WHEREAS, the Pledgor has executed a promissory note on April 26, 2002,
and has agreed to execute and to deliver to the Pledgee a promissory note
modification, hereinafter referred to as the "Modified Note", for the principal
amount of FOUR MILLION and NO/100ths DOLLARS ($4,000,000.00) to evidence the
indebtedness arising in connection with the aforesaid loan made or to be made by
Pledgee to Pledgor; and
WHEREAS, the Pledgor has agreed to pledge to Pledgee the Maumelle Notes
as security for the Modified Note;
NOW, THEREFORE, in consideration of the premises and as an inducement
to the Pledgee to lend the principal sum of FOUR MILLION and NO/100s DOLLARS
($4,000,000.00) to Pledgor and in consideration thereof, the Pledgor does hereby
assign, transfer, set over and pledge to Pledgee the Maumelle Notes, with an
aggregate face value of $2,070,000 (herein referred as the "Pledged Maumelle
Notes"), and the Pledgee and the Pledgor hereby agree as follows:
1. Purpose of Pledge. This Pledge is made as collateral security for
the repayment, according to its terms, of the full amount of the Modified Note
including interest thereon.
2. Possession of the Pledged Maumelle Notes. The Pledged Maumelle
Notes shall, immediately upon the execution of this Pledge, be delivered to the
escrow agent named in the Modified Note, free and clear of all liens and
encumbrances and assigned and endorsed to Pledgee. Pledgee shall be entitled to
receive and have delivered to it, any payments, except for extension fees, made
under the terms of the Pledged Maumelle Notes, with any such payments made
hereunder applied first to the interest accruing upon the terms of the Note and
Business Loan Agreement, and any amendments thereof, next to charges, costs, or
expenses then due under this Security Agreement or any other loan documents and
the balance, if any, to principal.
3. Event of Default and Remedies.

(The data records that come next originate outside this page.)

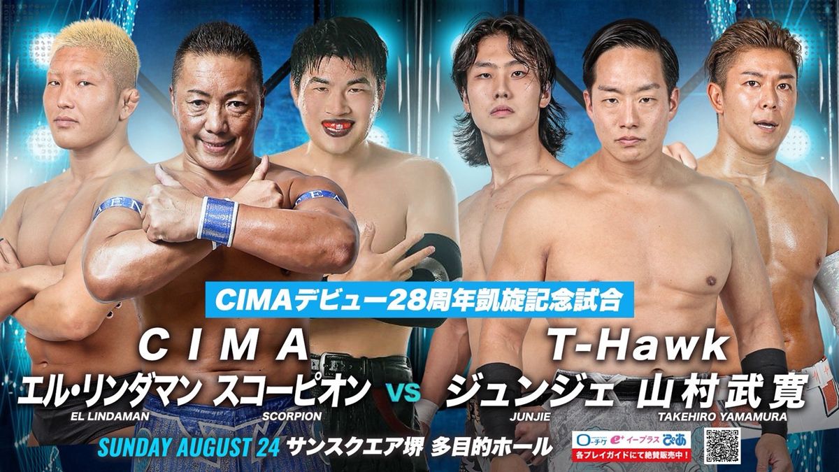 記念大会のメインイベントには、CIMA、エル・リンダマン、スコーピオン組と、T-Hawk、山村武寛、ジュンジェ組によるスペシャル6人タッグマッチが組まれる。この豪華な顔合わせで、CIMAのデビュー28周年という大きな節目を盛大に祝う。
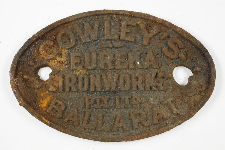 Front: "COWLEY'S / EUREKA / IRONWORKS / PTY LTD / BALLARAT."
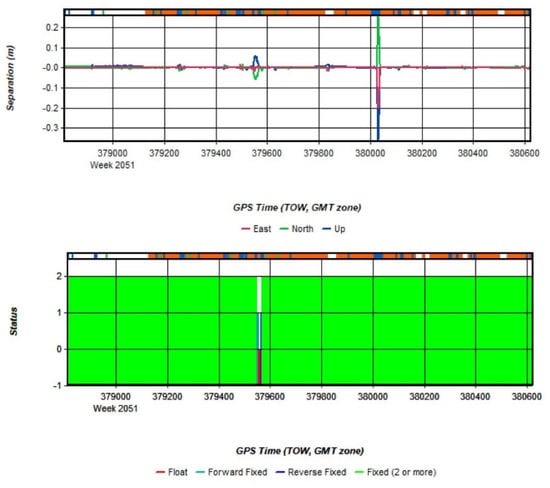 How long was it scanned without a GNSS signal or less than 5 satellites? This time without a GNSS signal or with a weak signal will be subject to compensation, provided that this interval is bigger than 0.5–1 min [,].
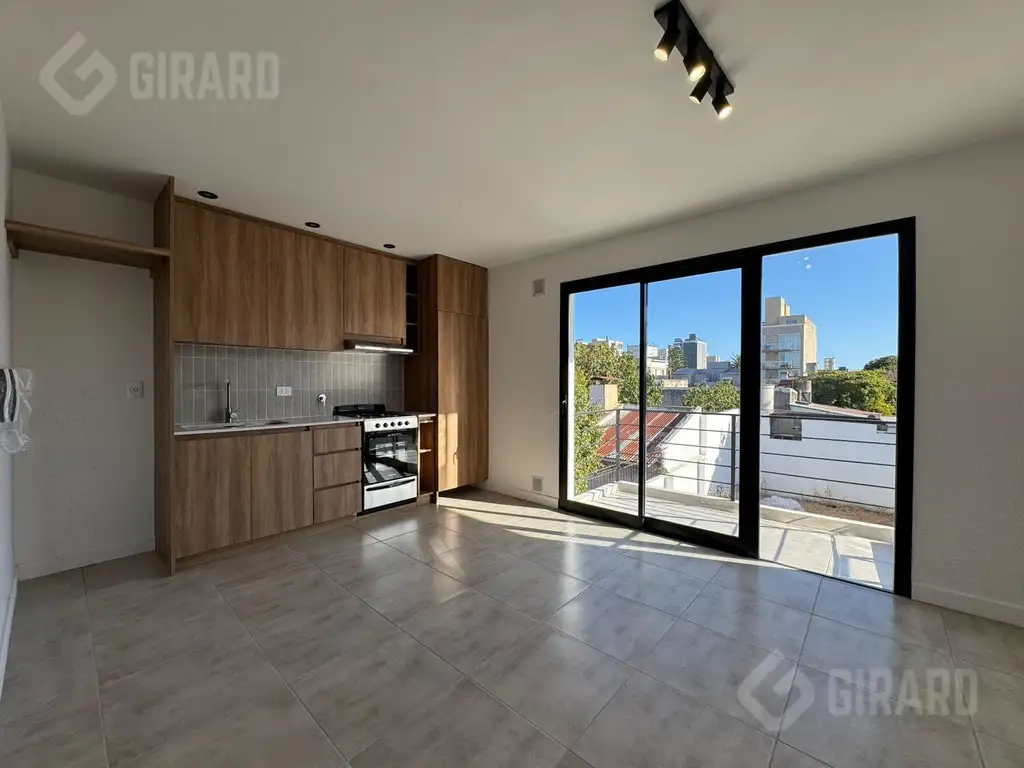 Living comedor . Cocina integrada, baño completo con ducha, habitación a la calle con Placard .

If any one of the following
events (herein called "Event of Default") shall occur and be continuing:
(a) If the Pledgor defaults in the payment of any installment of
the Note when the same shall have become due, either by the terms thereof, or
otherwise, as herein provided and such default continues beyond any grace period
provided in the Note; or
(b) If the Pledgor becomes in default under the loan agreement
governing the loan represented by the Note; or
(c) If the Corporation or the Pledgor become in default under any
mortgage, security agreement or other document or instrument given to provide or
create collateral security for the Note;
then the Pledged Maumelle Notes, which shall at the time of
receipt thereof be applied to payment of the Note, may be sold, transferred and
delivered in whole or in part, together with any substitutes therefor, or
additions thereto, at any public or private sale, for cash, upon credit, for
present or future delivery, all at the option of Pledgee upon Pledgee's (i)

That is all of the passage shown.